## [Exercise objective]
Pictures stay out of this copy; please retype only the lines from the start of the records through the line with "This sleeveless V-neck".

[Extracted data entries]

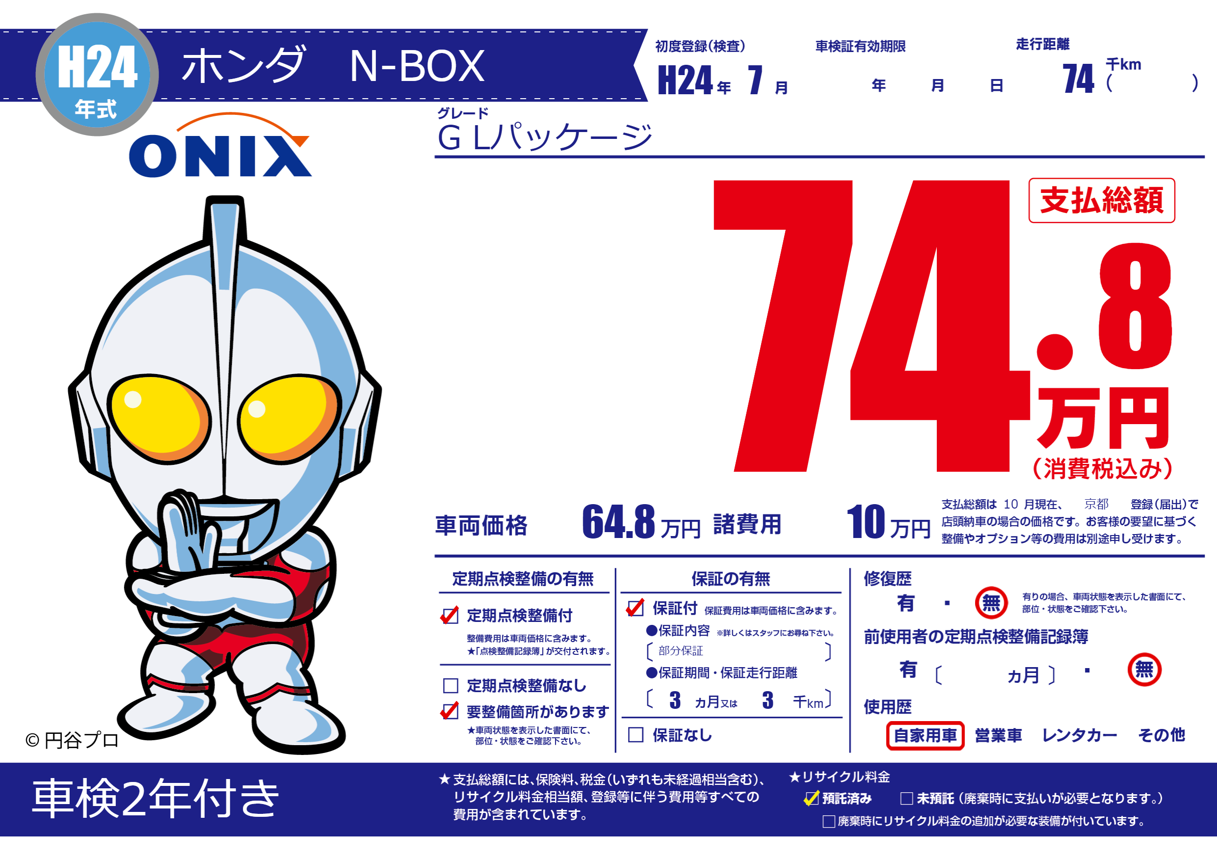 | 走行キロ | 7.4万km | 初年度登録 | H24年7月 |
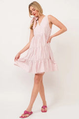 This sleeveless V-neck tiered dress features a stylish striped pattern for a fun and chic look. The V-neck design adds a flattering touch to the neckline. Perfect for a casual yet fashionable outfit in warm weather.
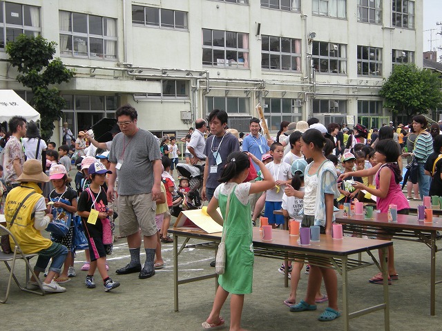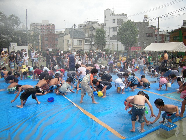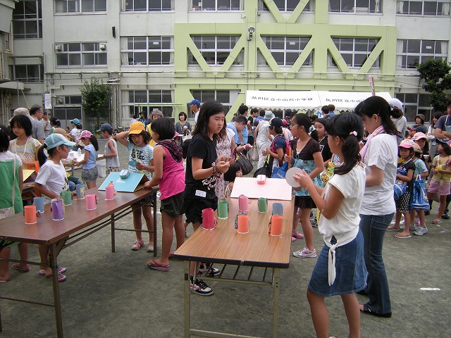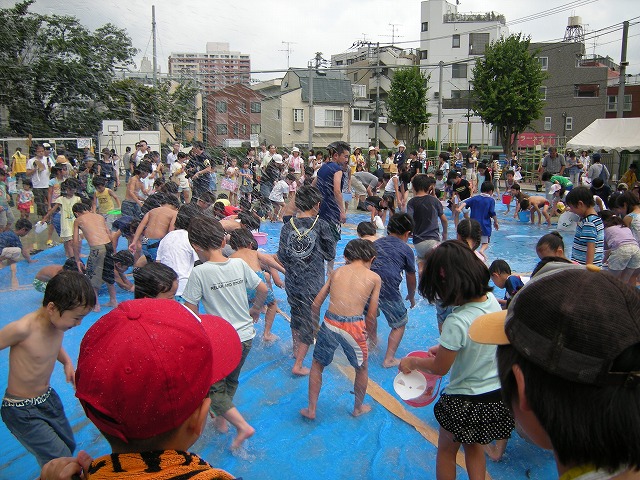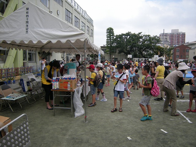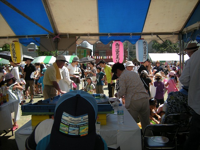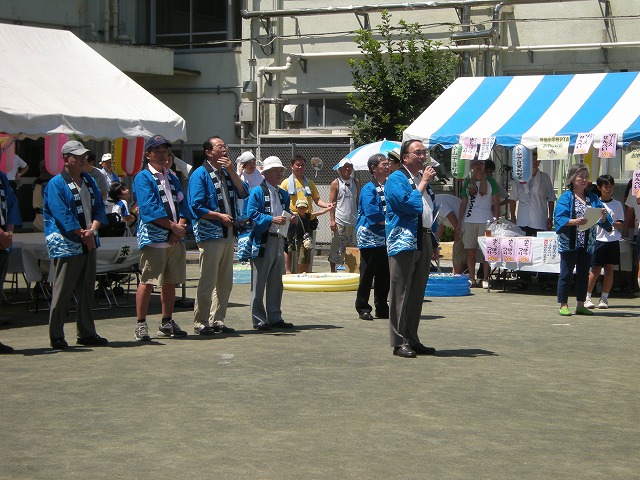 7月16日(土)品川区荏原第一地区の区民まつりが小山台小学校において、品川区と荏原第一地区連合町会と青少年地区委員会とPTAの皆さんと学校関係者の皆さんとその他消防署、健康推進委員等などの協力で盛大に開催されました。午後1時より浜野区長のご挨拶で始まりました。今回は東日本大震災の影響もあって、節電のため夜間の盆踊りは中止に決まり、開催時間も1時から5時までとなりました。
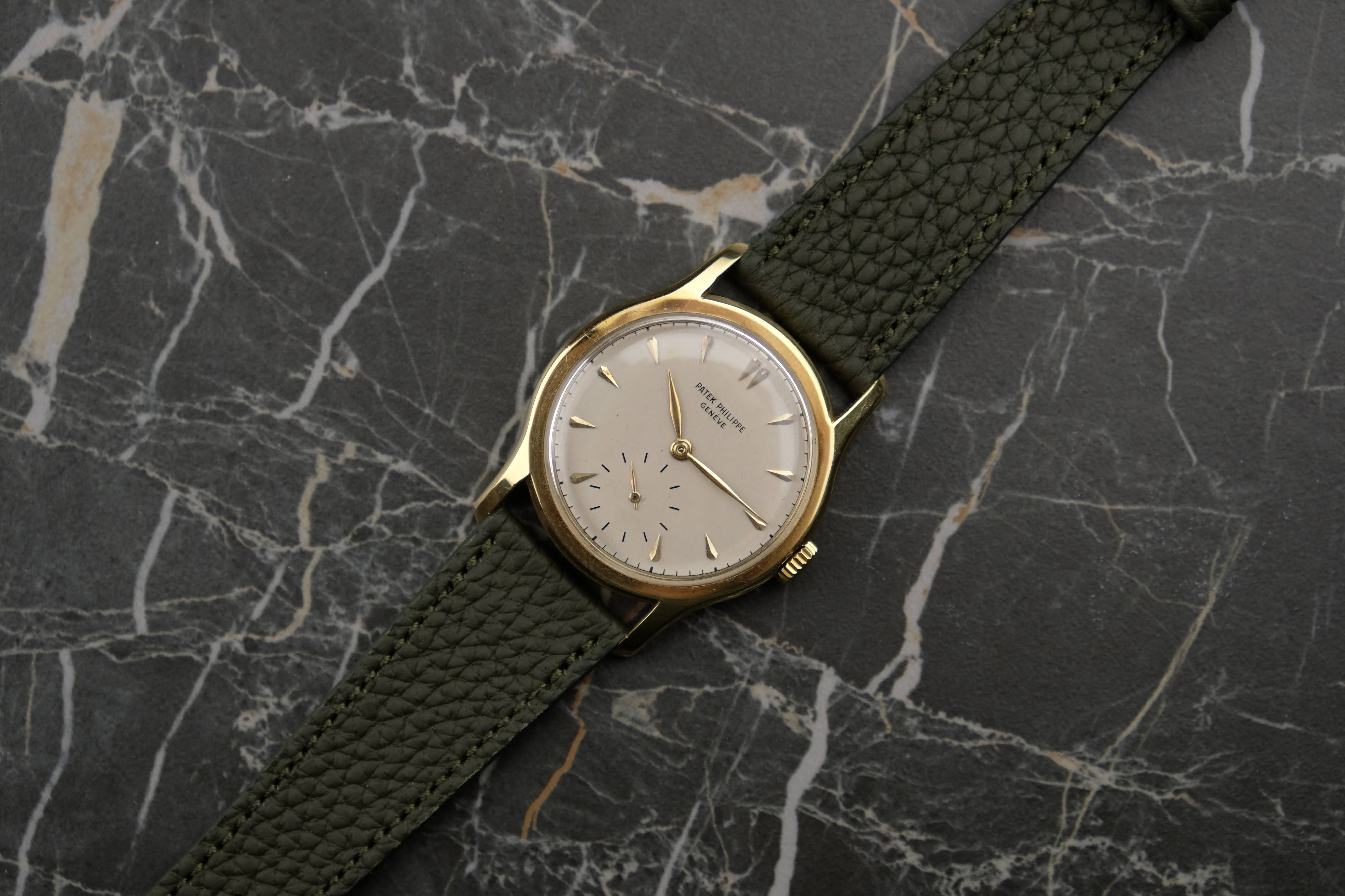 The watch is in great condition for its age: unsigned, original crown, correct enamel dial, a great case, and clean hands. The service history is unknown, but the watch runs great and without any problems. You will receive the watch in a Patek Philippe service case with a generic bracelet and a gold-plated pin buckle.
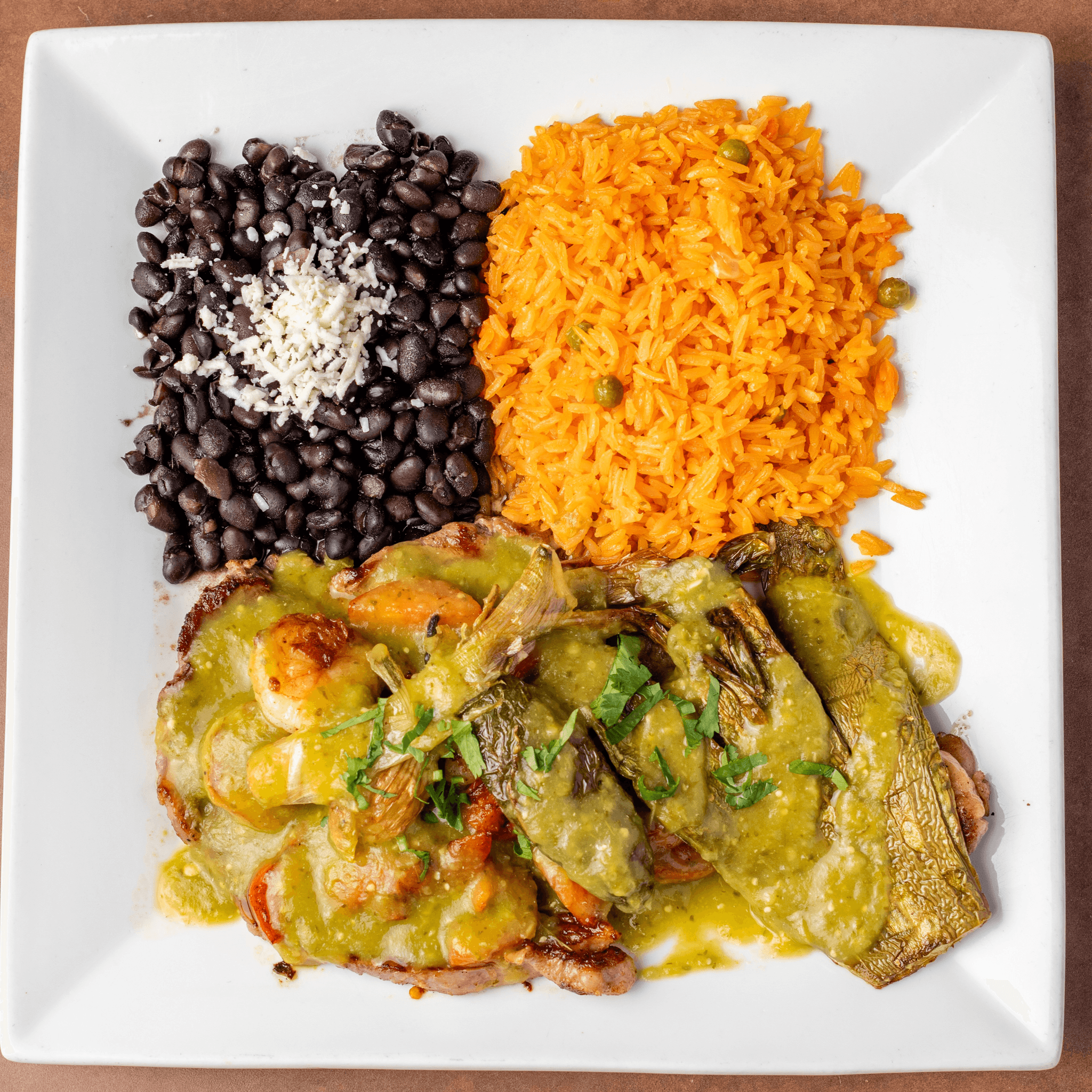A rib eye and grilled shrimp served with black beans, rice, cambray onions, grilled jalapeño, grilled cactus, grilled tomatoes and tortillas. Topped with green sauce

## [Result of this exercise]
 | 走行キロ | 7.4万km | 初年度登録 | H24年7月 |
 This sleeveless V-neck tiered dress features a stylish striped pattern for a fun and chic look. The V-neck design adds a flattering touch to the neckline. Perfect for a casual yet fashionable outfit in warm weather.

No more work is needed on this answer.